In a summary statement that appeared to be its most definitive position, the agency said that there are still “important questions” concerning the devices ... for example, what causes drug-eluting thrombosis, how often it occurs, under what circumstances it occurs, or what the risk of occurrence is in a given patient?
The agency statement said, “The specific studies that have prompted recent media inquiries are the BASKET-LATE study (presented at the March 2006 American College of Cardiology Scientific Sessions in Atlanta, Georgia) and more recently, the Camenzind meta-analysis presented at the September 2006 European Society of Cardiology Annual Meeting/
World Congress of Cardiology Meeting in Barcelona, Spain.” It goes on to say that in these studies, targeting patients following 18 months to three years after stent implantation, there was found a “small but significant increase in the rate of death and myocardial infarction.”

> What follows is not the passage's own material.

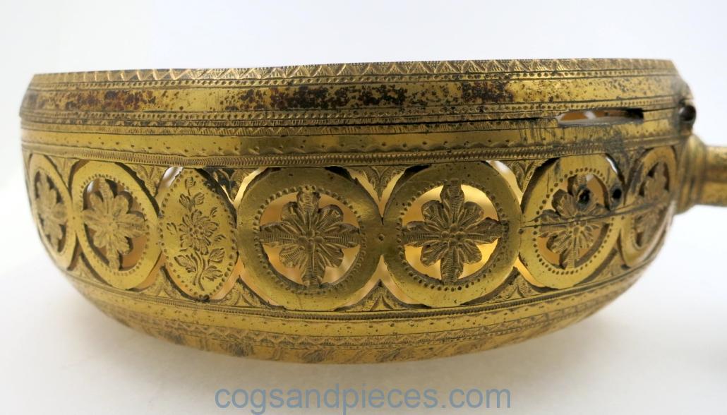 Engraved and pierced gilt brass, with large steel ‘C’ clip. Engraved :

Promised — more formal evaluation
These research results “have raised important questions,” the statement said, while adding that “the data we currently have do not allow us to fully characterize the mechanism, risks, and incidence of DES thrombosis.” It said it intends to study the data presented at the Atlanta and Barcelona meetings with “a more formal evaluation.”

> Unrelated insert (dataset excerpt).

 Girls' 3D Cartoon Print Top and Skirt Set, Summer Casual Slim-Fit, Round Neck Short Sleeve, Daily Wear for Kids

In terms of regulatory concerns, it said the agency is “keenly interested in the long-term follow-up of patients enrolled in the original pivotal DES randomized trials, as well as those in the more complex patient and lesion subsets (for example, patients with diabetes; acute myocardial infarction or multiple vessel disease; or lesions involving arterial bifurcations, the left main coronary artery, and long arterial segments) who are currently being treated in “real world” randomized and registry studies.